Don’t Ask Me About the Hymns by Ezra Fox

Don’t Ask Me About the Hymns | Ezra Fox


~ after Michael Kleber-Diggs’s “Coniferous Fathers”

i.

Speak to me about the boys. Sunday armor
ill-fitting and incomplete. Their starched
collars yet scuffed soles. I bow to no deity,
still I watch their lips, shape words
like abomination and love while knelt
in this stained-glass aquarium, swaying
to currents of guilt and glory,
as if still nestled in the flood
of their mothers’ wombs.

ii.

Only in dreams do we truly sing,
limbs unfurling like hesitant ferns.
In sleep, we are all Davids dancing
before the ark, unashamed.

iii.

After service, these boys, with patent leather
dulled to scars, litanies already fading
from their tongues, weave through each other
like water. Even their shadows play
at holiness, neckties slipping off like shed skin.
The chain-link net singing its metallic psalm,
each rebound a confession, each shot arcing
towards grace.

iv.

They don’t yet know which rituals they’ll spend
lifetimes unlearning, or how fiercely they’ll cling
to the sacrament of touch long after the sermon fades.

Ezra Fox reads their poem…

about the author:

When I hear “good life,” I think of my life. It wasn’t always like this. There were many years where I didn’t feel like this life was even worth living. But now, when I hear “good life,” I can just think of my life, how I cannot remember the last day I went without laughing. To me, my good life is how easy it is to laugh with my partner Annalise, how we laugh many times throughout the day until our stomachs ache.
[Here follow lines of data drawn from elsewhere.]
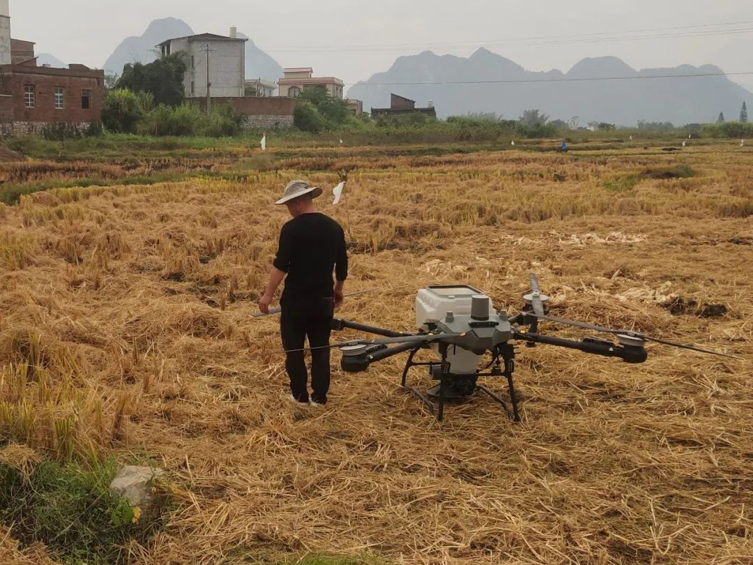 在肯社村祿村屯的作業(yè)現(xiàn)場(chǎng),只見載滿種子的無人機(jī),伴隨著陣陣“轟鳴聲”迅速起飛。飛到預(yù)定位置后,在機(jī)手的遙控操作下正式開始紅花草種子飛播作業(yè)。無人機(jī)時(shí)而低空盤旋,時(shí)而高空飛舞,來回穿梭。不一會(huì)兒,圓滿完成300畝稻稻肥飛播作業(yè)。
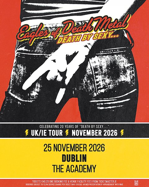 Classic rock band Eagles of Death Metal will hit the road in support of the 20th anniversary of its seminal album “Death By Sexy,” performing the classic release in full as well its greatest hits and a few surprises. Their EU tour will include aheadline date at TheAcademy, Dublin on Wednesday, 25th November 2026.
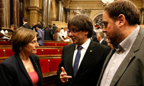 Forcadell, Puigdemont i Junquersa, en el darrer ple de política general. Foto: ACN.
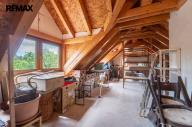 Obývací pokoj s krbem a kuchyňskou linkou (34,04 m2) - výstup na terasu (7,52 m2) orientovanou na S a Z, z terasy se může vstoupit na zahradu
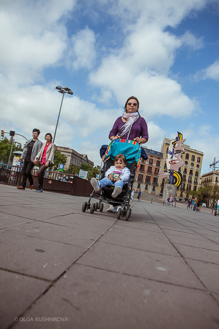 Прилетели мы утром, из аэропорта добрались на автобусе А1, который идет до площади Каталонии (стоимость презда 5,95 евро), а оттуда до отеля 2 остановки на метро, с которым мы разобрались быстро))) Заселились в отель, перекусили кофе-чаем с сендвичами и пошли покорять улицы Барселоны))), в этот раз про коляску для дочи мы не забыли)))
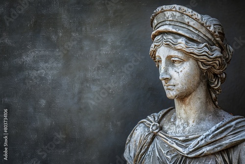 ancient, greek, statue, woman, weathered, historical, sculpture, art, architecture, culture, history, mythology, classical, antique, stone, profile, face, headpiece, ornate, decorative, vintage, textured, monochrome, dramatic, background, landscape, relic, ruin, archaeology, exhibit, museum

In that pang in our ab muscles, in the tears rolling down our cheeks, in the echoing of our laughter, I don’t have to think it—I can feel that this is a good life.

Ezra Fox lives and writes in San Francisco, CA. In their writing, Ezra is curious about impermanence, and non-duality, and how it pertains to their subjects of lineage, queerness, and spirituality. You can find Ezra’s work in or forthcoming in TriQuarterly, EcoTheo Review, Zone 3, Zócalo Public Square, and elsewhere. Learn more about Ezra at ezrafox.net.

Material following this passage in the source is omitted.